▶ **Your objective**:
Write out word for word each line from the top of the material through the line that has "Dwuścienna izolowana butelka". Pictures do not go in.

▶ **Collected material**:
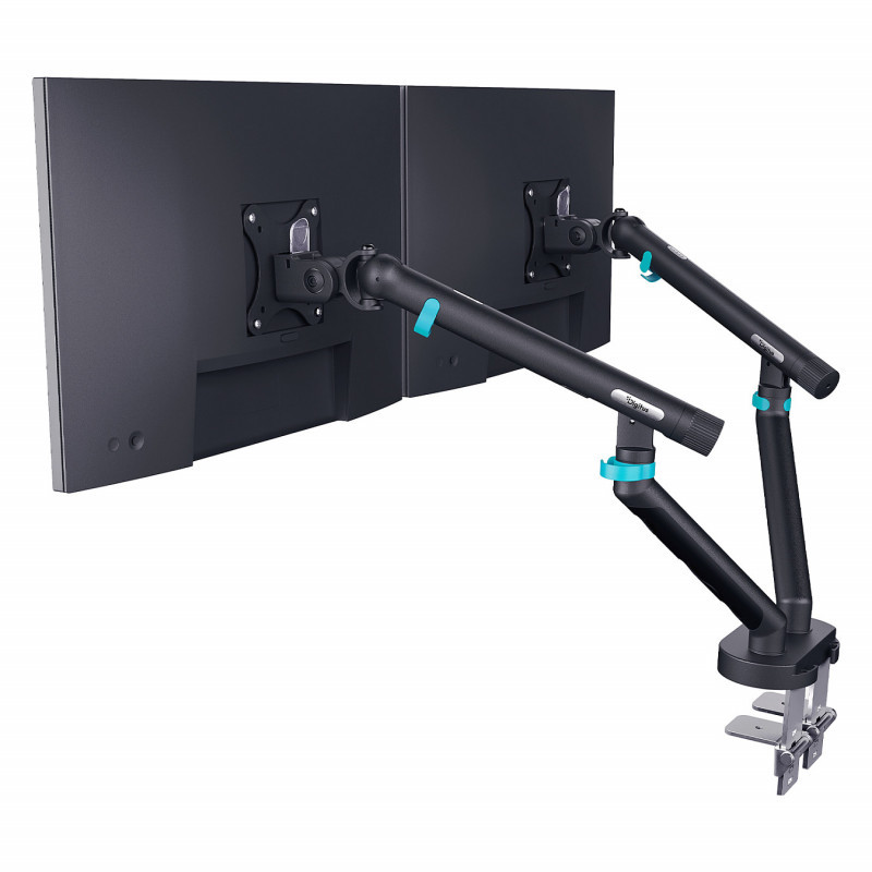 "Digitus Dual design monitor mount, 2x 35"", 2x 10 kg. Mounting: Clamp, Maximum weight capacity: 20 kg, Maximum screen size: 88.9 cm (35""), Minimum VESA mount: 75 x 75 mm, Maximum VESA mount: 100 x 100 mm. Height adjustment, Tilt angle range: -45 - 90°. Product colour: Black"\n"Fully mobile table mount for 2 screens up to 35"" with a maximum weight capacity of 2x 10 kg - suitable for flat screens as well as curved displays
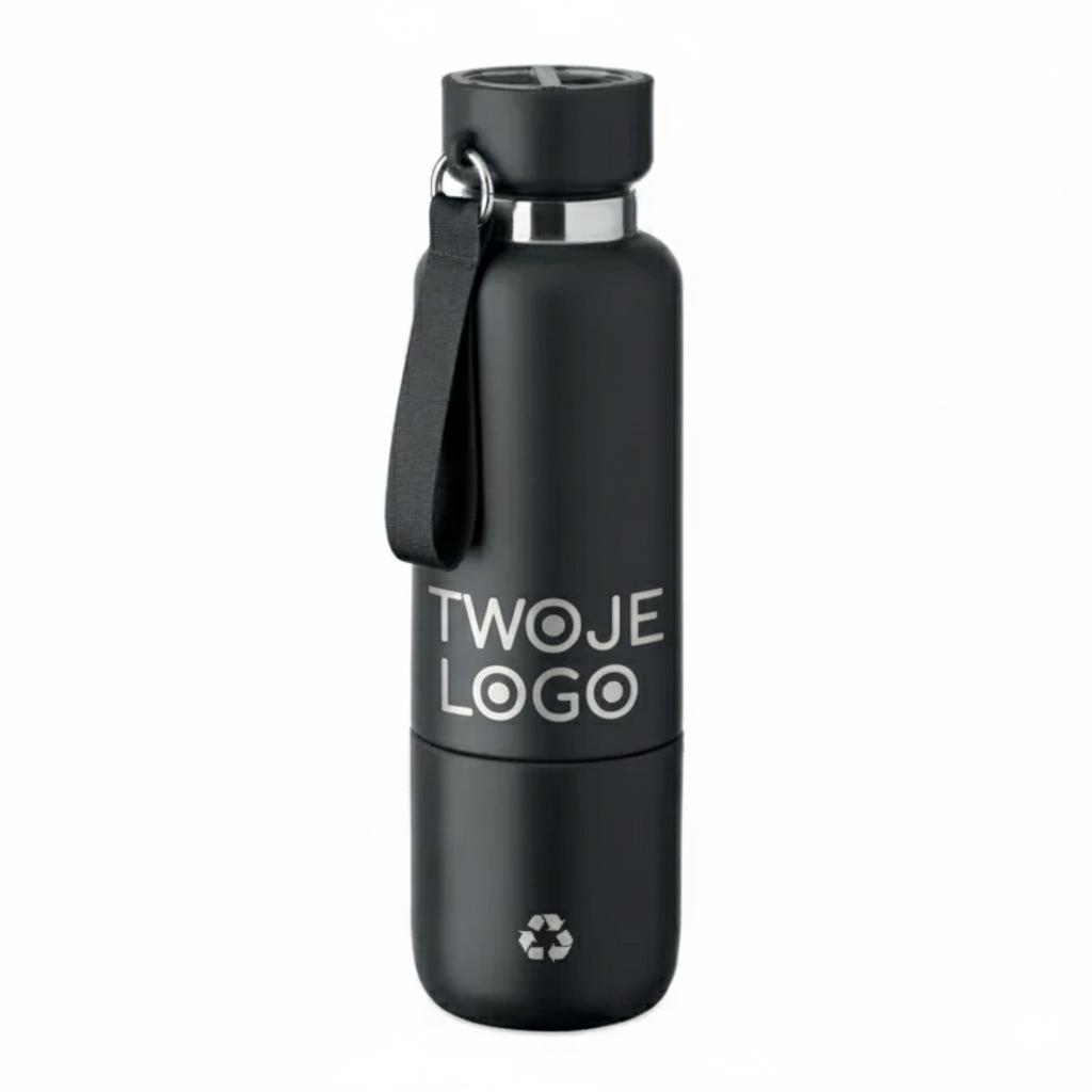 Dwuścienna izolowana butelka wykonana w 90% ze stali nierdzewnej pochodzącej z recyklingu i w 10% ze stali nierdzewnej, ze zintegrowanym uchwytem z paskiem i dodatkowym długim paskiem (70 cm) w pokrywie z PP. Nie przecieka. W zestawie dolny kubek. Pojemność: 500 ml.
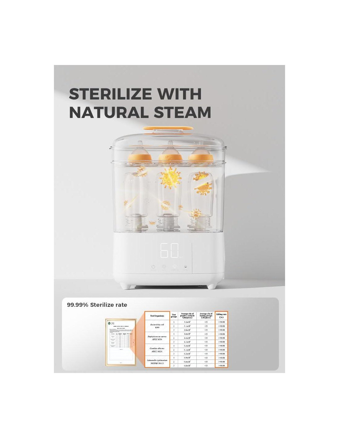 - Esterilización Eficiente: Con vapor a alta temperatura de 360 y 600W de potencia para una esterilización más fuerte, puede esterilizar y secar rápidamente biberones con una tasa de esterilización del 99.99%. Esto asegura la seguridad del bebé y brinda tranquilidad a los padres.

▶ **Solution for this exercise**:
 "Digitus Dual design monitor mount, 2x 35"", 2x 10 kg. Mounting: Clamp, Maximum weight capacity: 20 kg, Maximum screen size: 88.9 cm (35""), Minimum VESA mount: 75 x 75 mm, Maximum VESA mount: 100 x 100 mm. Height adjustment, Tilt angle range: -45 - 90°. Product colour: Black"\n"Fully mobile table mount for 2 screens up to 35"" with a maximum weight capacity of 2x 10 kg - suitable for flat screens as well as curved displays
 Dwuścienna izolowana butelka wykonana w 90% ze stali nierdzewnej pochodzącej z recyklingu i w 10% ze stali nierdzewnej, ze zintegrowanym uchwytem z paskiem i dodatkowym długim paskiem (70 cm) w pokrywie z PP. Nie przecieka. W zestawie dolny kubek. Pojemność: 500 ml.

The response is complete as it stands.